_Task item_:
Set down a faithful copy of every record below, with no images.
─── Data for review
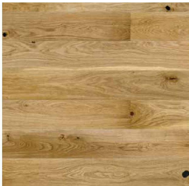
Podlaha v pokojích a předsíních: Dřevěná dvouvrstvá dubová lamela je vhodná pro podlahového vytápění. Součástí podlahy jsou též zapuštěné sokly pro snadnou údržbu podlahy.
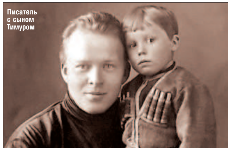
Писатель с сыном Тимуром

В 1947 г. писателя торжественно захоронили в городе Каневе. Правда, не все знают, что изначально последним пристанищем Гайдара должно было стать Новодевичье кладбище столицы. Однако в дело вмешался Центральный комитет Компартии Украины, настоявший на захоронении писателя в республике. Сколько раз предали Аркадия Петровича Гайдара, не сосчитать. Предали мальчики и девочки, выросшие на "Чуке и Геке" и "Тимуре и его команде" - став взрослыми, они не сохранили страну, за которую погиб писатель. Предал родной внук Егор, поживший жизнь на разрывание политических и экономических институтов советской власти. Предали журналисты и писатели, годами зарабатывавшие статьями о "палаче Гайдаре", о психически больном Гайдаре, об "изменнике" Гайдаре. Сегодня могила Аркадия Петровича находится на территории государства, которым правят идейные наследники тех, в боях с кем Гайдар погиб в октябре 1941 г.
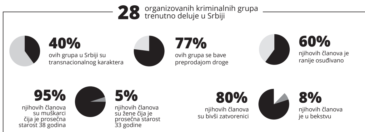
Grafikon 1 Organizovane kriminalne grupe u Srbiji 482

Nije postignut napredak u procesuiranju organizovanih kriminalnih grupa uz zvaničnu podršku i potvrđivanje Tužilaštva za organizovani kriminal. Tužilaštvo se ne oglašava povodom javno iznesenih tvrdnji o vezama političara i članova organizovanih kriminalnih grupa, koje je izneo, ni manje ni više, nego bivši načelnik Uprave kriminalističke policije. 483 Istovremeno, izvršna vlast neprestano komentariše istrage koje su još u toku, zanemarujući Tužilaštvo za organizovani kriminal. Najnoviji primer je slučaj Filipa Koraća, koga je predsednik Republike naveo kao glavnog švercera droge u Srbiji. 484
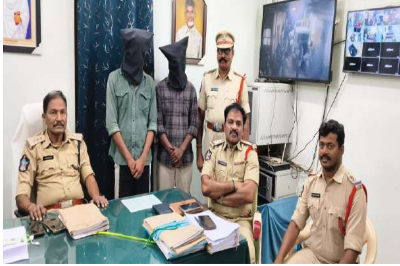
పల్లె వెలుగు కర్నూలు బ్యూరో
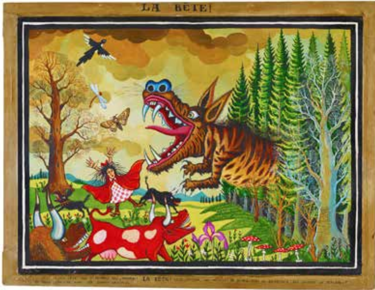
Gérard Lattier, La première attaque © Crédric Prat - Atelier L'œil écoute Commune de Saint-Etienne-de-Lugdarès

Du 30 septembre au 31 décembre 2022 à Maison Rouge – Musée des vallées cévenoles
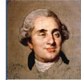
Louis XVI (1754-1793), monarque constitutionnel à partir de l'été 1789, est renversé le 10 août 1792. → Bio p. 14
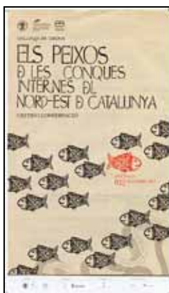
Cartell del col·loqui

La jornada ha tingut lloc el dia 2 de desembre de 2011 a la sala de socis del Club Natació Banyoles. Una quarantena de persones han participat a la jornada.
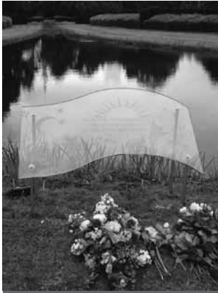
Glazen monument op begraafplaats Kranenburg in Zwolle voor anoniem begraven kinderen. In het glas zijn symbolen van kindermunten gegraveerd, zoals beertjes en manen
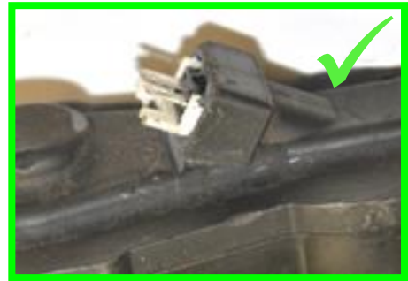
Gebrochen Stecker mit mehr als 5 mm Material Rest → zulässig
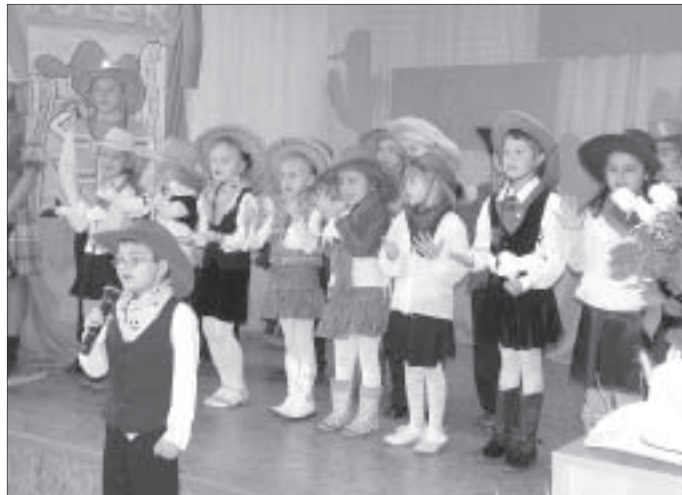
Na zakończenie uroczystości dzieci podziękowały swoim rodzicom piosenką „Cudownych rodziców mam”.

Bolek i Lolek pomagali maluchom zdać egzamin na ucznia. Dzieci śpiewały, mówiły wiersze oraz zatańczyły "Bonanzę". Nagle przyszedł czas na – „ Ślubowanie ”. Wśród pierwszaków chodzą słuchy, narzekają więc maluchy. Powtarzając nie wesoło, ślub będziemy, ślub będziemy brać ze szkołą ... ło, ło. Chciał uciekać Grzesio mały, ale Konrad człek bywały – wytłumaczył mu kolego, ślubowanie to jest całkiem coś innego... ło, ło. Musisz przyrzec, że bez przerwy będziesz dbał o Pani nerwy. Będziesz uczył się starannie, zachowywał nienagannie. Gdy umowa taka stanie, to jest właśnie, to jest właśnie ślubowanie ło, ło... Grzesio wydał kilka jęków, potem już się pozbył lęku i ślubował uroczysto – nos wytarłszy, nos wytarłszy zamaszycie.
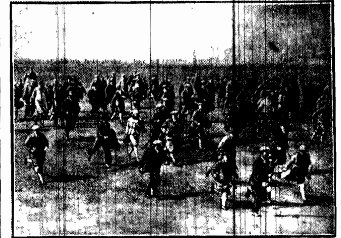
Grupa amatorów golfa, biegnie przez pola w ślad za piłką, rzucaną przez uwielbianego przez nich mistrza tego sportu
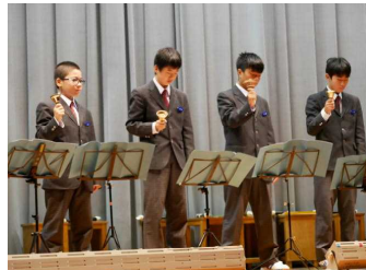
1年 詩の暗唱と演奏
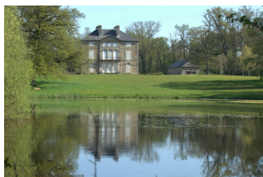
Château, vue générale donnant sur le parc IVR53_20102202746NUCA

IVR53_20042209061NUCB
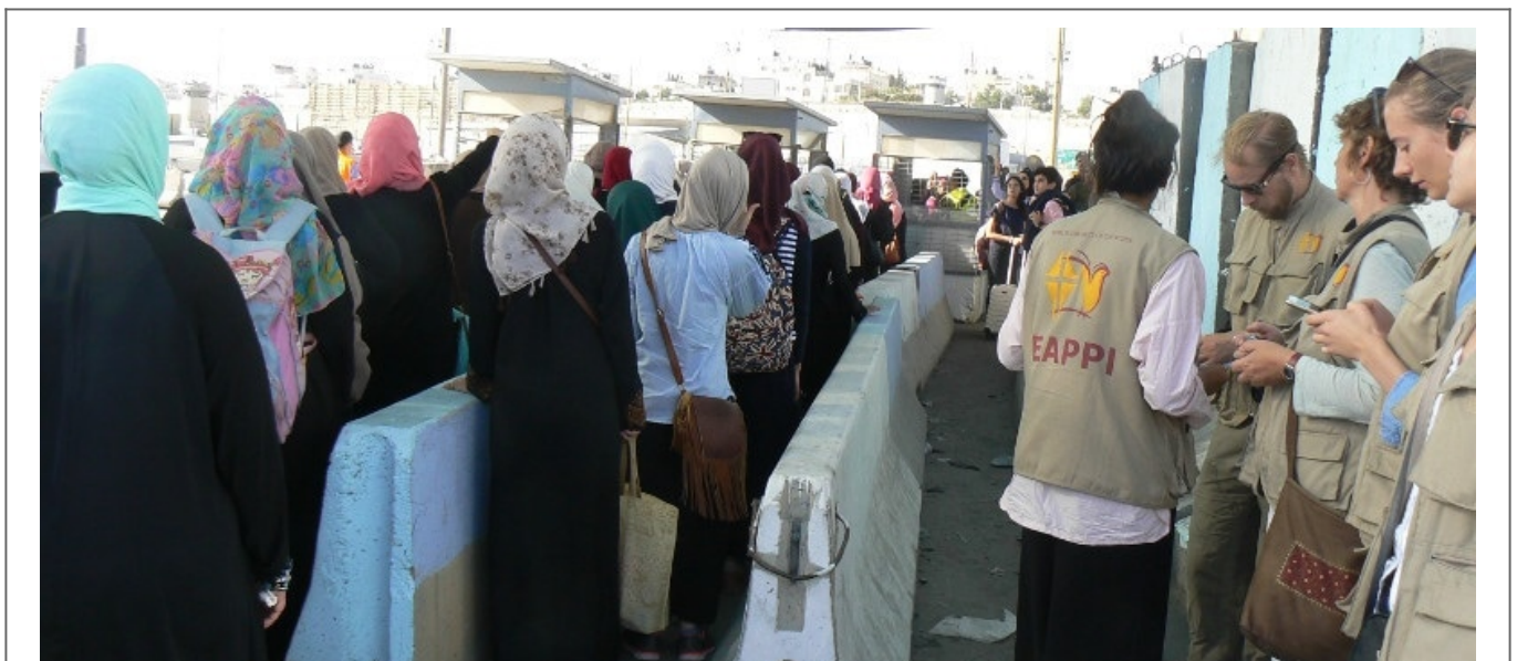
Terminal de Qalandia, file des femmes

Les terminaux de Qalandia (Ramallah) et Gilo 300 (Bethléem) sont les principaux points d'entrées à Jérusalem. Mais il y a de nombreux checkpoints en Cisjordanie, soit fixes soit mobiles, pour entraver la libre circulation des Palestiniens. À l'entrée de nombreux villages, on trouve une barrière jaune, et souvent un poste de contrôle. En période calme, l'accès n'est pas contrôlé. Mais il peut l'être à tout moment.
──────
_Response to this exercise_:
Podlaha v pokojích a předsíních: Dřevěná dvouvrstvá dubová lamela je vhodná pro podlahového vytápění. Součástí podlahy jsou též zapuštěné sokly pro snadnou údržbu podlahy.
Писатель с сыном Тимуром

В 1947 г. писателя торжественно захоронили в городе Каневе. Правда, не все знают, что изначально последним пристанищем Гайдара должно было стать Новодевичье кладбище столицы. Однако в дело вмешался Центральный комитет Компартии Украины, настоявший на захоронении писателя в республике. Сколько раз предали Аркадия Петровича Гайдара, не сосчитать. Предали мальчики и девочки, выросшие на "Чуке и Геке" и "Тимуре и его команде" - став взрослыми, они не сохранили страну, за которую погиб писатель. Предал родной внук Егор, поживший жизнь на разрывание политических и экономических институтов советской власти. Предали журналисты и писатели, годами зарабатывавшие статьями о "палаче Гайдаре", о психически больном Гайдаре, об "изменнике" Гайдаре. Сегодня могила Аркадия Петровича находится на территории государства, которым правят идейные наследники тех, в боях с кем Гайдар погиб в октябре 1941 г.
Grafikon 1 Organizovane kriminalne grupe u Srbiji 482

Nije postignut napredak u procesuiranju organizovanih kriminalnih grupa uz zvaničnu podršku i potvrđivanje Tužilaštva za organizovani kriminal. Tužilaštvo se ne oglašava povodom javno iznesenih tvrdnji o vezama političara i članova organizovanih kriminalnih grupa, koje je izneo, ni manje ni više, nego bivši načelnik Uprave kriminalističke policije. 483 Istovremeno, izvršna vlast neprestano komentariše istrage koje su još u toku, zanemarujući Tužilaštvo za organizovani kriminal. Najnoviji primer je slučaj Filipa Koraća, koga je predsednik Republike naveo kao glavnog švercera droge u Srbiji. 484
పల్లె వెలుగు కర్నూలు బ్యూరో
Gérard Lattier, La première attaque © Crédric Prat - Atelier L'œil écoute Commune de Saint-Etienne-de-Lugdarès

Du 30 septembre au 31 décembre 2022 à Maison Rouge – Musée des vallées cévenoles
Louis XVI (1754-1793), monarque constitutionnel à partir de l'été 1789, est renversé le 10 août 1792. → Bio p. 14
Cartell del col·loqui

La jornada ha tingut lloc el dia 2 de desembre de 2011 a la sala de socis del Club Natació Banyoles. Una quarantena de persones han participat a la jornada.
Glazen monument op begraafplaats Kranenburg in Zwolle voor anoniem begraven kinderen. In het glas zijn symbolen van kindermunten gegraveerd, zoals beertjes en manen
Gebrochen Stecker mit mehr als 5 mm Material Rest → zulässig
Na zakończenie uroczystości dzieci podziękowały swoim rodzicom piosenką „Cudownych rodziców mam”.

Bolek i Lolek pomagali maluchom zdać egzamin na ucznia. Dzieci śpiewały, mówiły wiersze oraz zatańczyły "Bonanzę". Nagle przyszedł czas na – „ Ślubowanie ”. Wśród pierwszaków chodzą słuchy, narzekają więc maluchy. Powtarzając nie wesoło, ślub będziemy, ślub będziemy brać ze szkołą ... ło, ło. Chciał uciekać Grzesio mały, ale Konrad człek bywały – wytłumaczył mu kolego, ślubowanie to jest całkiem coś innego... ło, ło. Musisz przyrzec, że bez przerwy będziesz dbał o Pani nerwy. Będziesz uczył się starannie, zachowywał nienagannie. Gdy umowa taka stanie, to jest właśnie, to jest właśnie ślubowanie ło, ło... Grzesio wydał kilka jęków, potem już się pozbył lęku i ślubował uroczysto – nos wytarłszy, nos wytarłszy zamaszycie.
Grupa amatorów golfa, biegnie przez pola w ślad za piłką, rzucaną przez uwielbianego przez nich mistrza tego sportu
1年 詩の暗唱と演奏
Château, vue générale donnant sur le parc IVR53_20102202746NUCA

IVR53_20042209061NUCB
Terminal de Qalandia, file des femmes

Les terminaux de Qalandia (Ramallah) et Gilo 300 (Bethléem) sont les principaux points d'entrées à Jérusalem. Mais il y a de nombreux checkpoints en Cisjordanie, soit fixes soit mobiles, pour entraver la libre circulation des Palestiniens. À l'entrée de nombreux villages, on trouve une barrière jaune, et souvent un poste de contrôle. En période calme, l'accès n'est pas contrôlé. Mais il peut l'être à tout moment.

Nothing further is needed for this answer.